Given data
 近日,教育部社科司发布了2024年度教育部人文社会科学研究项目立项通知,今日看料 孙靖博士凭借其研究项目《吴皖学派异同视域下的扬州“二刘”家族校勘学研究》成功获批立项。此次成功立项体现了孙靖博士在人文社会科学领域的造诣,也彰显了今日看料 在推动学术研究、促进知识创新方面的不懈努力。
--
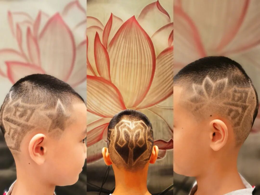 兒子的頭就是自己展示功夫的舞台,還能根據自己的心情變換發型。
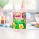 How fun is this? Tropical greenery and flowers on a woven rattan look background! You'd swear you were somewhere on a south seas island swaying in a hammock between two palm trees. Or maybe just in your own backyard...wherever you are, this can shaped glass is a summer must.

Exercise instructions
What do the entries above read from the line containing "兒子的頭就是自己展示功夫的舞台,還能根據自己的心情變換發型。" through the line containing "How fun is this?"? Output those lines exactly, both ends included, with the pictures left out.

Exercise output
 兒子的頭就是自己展示功夫的舞台,還能根據自己的心情變換發型。
 How fun is this? Tropical greenery and flowers on a woven rattan look background! You'd swear you were somewhere on a south seas island swaying in a hammock between two palm trees. Or maybe just in your own backyard...wherever you are, this can shaped glass is a summer must.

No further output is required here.